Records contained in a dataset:

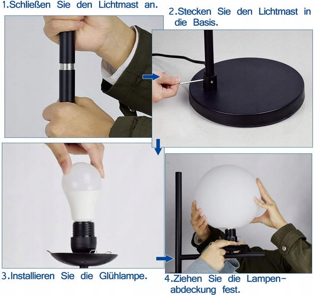 - лампочка в наборі - стояча куля містить лампочку з 9 -В. з теплим білим кольором. Ви також можете згадати відповідну лампочку відповідно до потреб ясності.
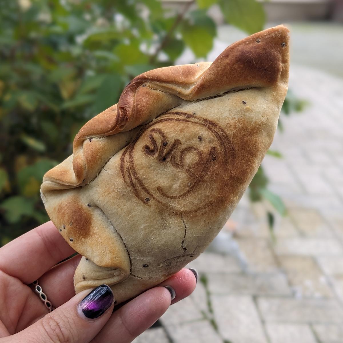 This is another great savory option! It has Cuban style shredded jackfruit that packs a lot of flavor. It's in a chia seed dough. They use jackfruit really well here. It's marinated nicely and makes a great texture of the empanada filling. Again, great with garlic sauce! I think this is another popular flavor. Definitely a good classic pulled "pork" type empanada.
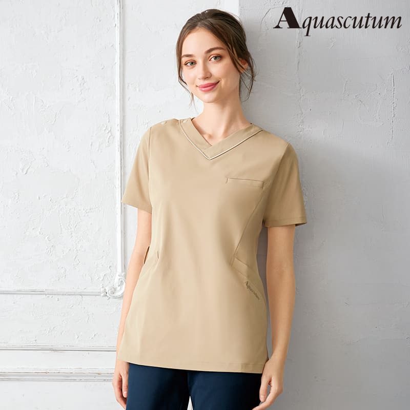★<アクアスキュータム>Vネックストレッチスクラブ(ユニセックス)
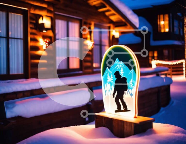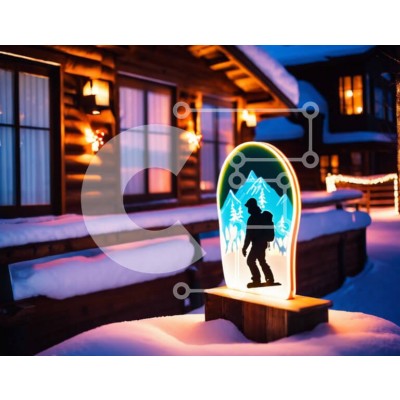 Υπάρχει δυνατότητα προσωποποίησης με δική σας φωτογραφία και προσαρμογής διαστάσεων κατόπιν παραγγελίας. Το συγεκεριμενο puzzle παρουσιαζει Αυτή η εικόνα απεικονίζει μια χιονισμένη καμπίνα με ένα φωτισμένο snowboard μπροστά της. Η καμπίνα φωτίζεται από μέσα, με ένα άτομο στο σνόουμπορντ ορατό από το παράθυρο. Υπάρχουν επίσης πολλά φώτα που περιβάλλουν το snowboard, παρέχοντας επιπλέον φωτισμό και δημιουργώντας μια
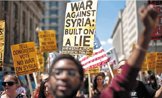 9月7日,上百名示威者7日在华盛顿的白宫和国会门口举行游行示威活动,抗议美国总统奥巴马军事打击叙利亚的计划,要求国会否决他的动武申请。 新华社发
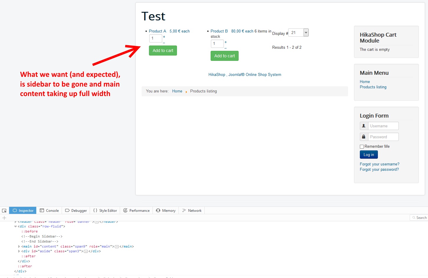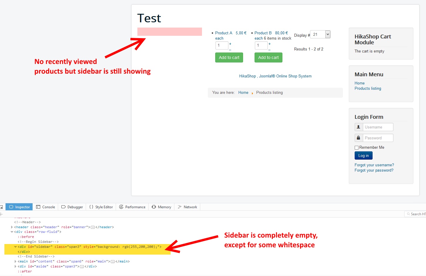 if($this->countModules('sidebar')):and this works fine for other modules, but not for the Hikashop Content Module. The countModules function will always return 1 with a Hikashop Content Module, even when it doesn't output anything (except some whitespace), as in our second screenshot.
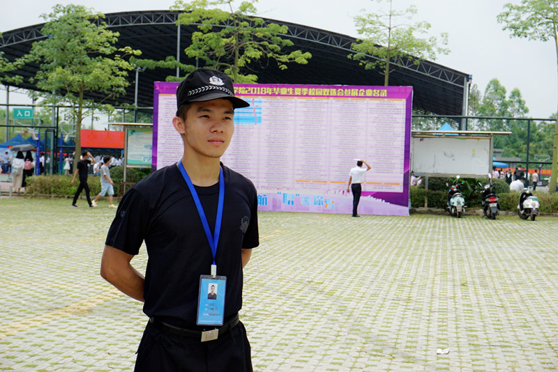 学生义务消防队成员认真维护双选会现场秩序
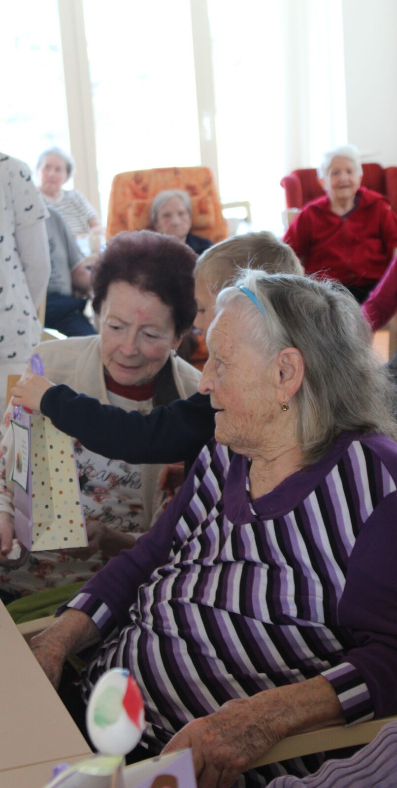 Blíží se Velikonoční svátky a za klientkami v Senevida Zlín přišly děti z Univerzitní mateřské školy Qočna. Přednesly básničku, zazpívaly písničku a vymrskáním omladily klientky. Svojí návštěvou všem udělaly velkou radost.
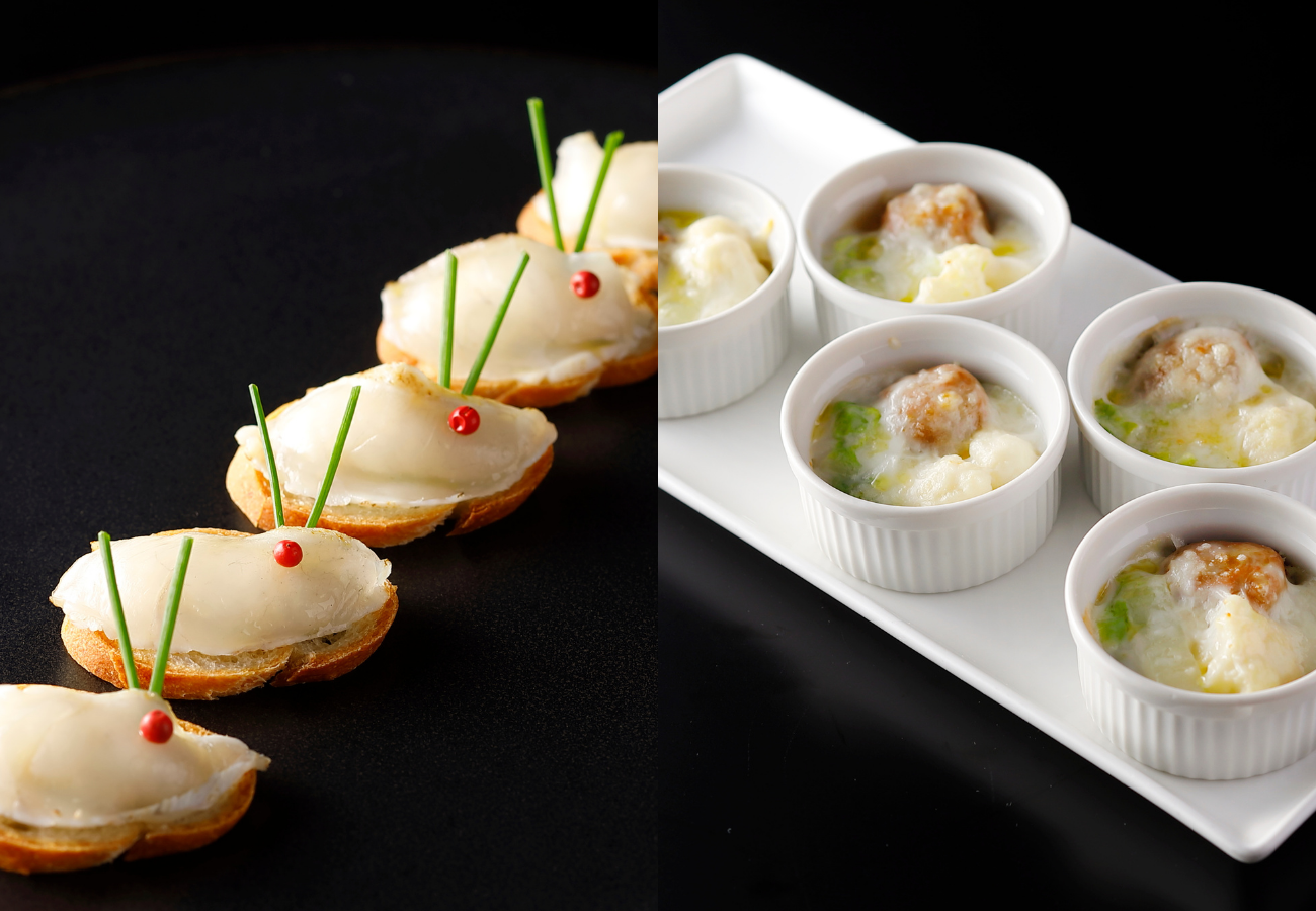 音柱、宇髄天元の好物である「ふぐ」を使用したタパス。炙ったふぐ刺しに、ブランダードを詰め、音柱をイメージして盛り付けました。

TASK REQUIREMENTS. Both ends included, copy the lines from the one holding "if($this->countModules('sidebar')):and this works" to the last line of the entries exactly, with all pictures left out.

SOLVED PROBLEM.
 if($this->countModules('sidebar')):and this works fine for other modules, but not for the Hikashop Content Module. The countModules function will always return 1 with a Hikashop Content Module, even when it doesn't output anything (except some whitespace), as in our second screenshot.
 学生义务消防队成员认真维护双选会现场秩序
 Blíží se Velikonoční svátky a za klientkami v Senevida Zlín přišly děti z Univerzitní mateřské školy Qočna. Přednesly básničku, zazpívaly písničku a vymrskáním omladily klientky. Svojí návštěvou všem udělaly velkou radost.
 音柱、宇髄天元の好物である「ふぐ」を使用したタパス。炙ったふぐ刺しに、ブランダードを詰め、音柱をイメージして盛り付けました。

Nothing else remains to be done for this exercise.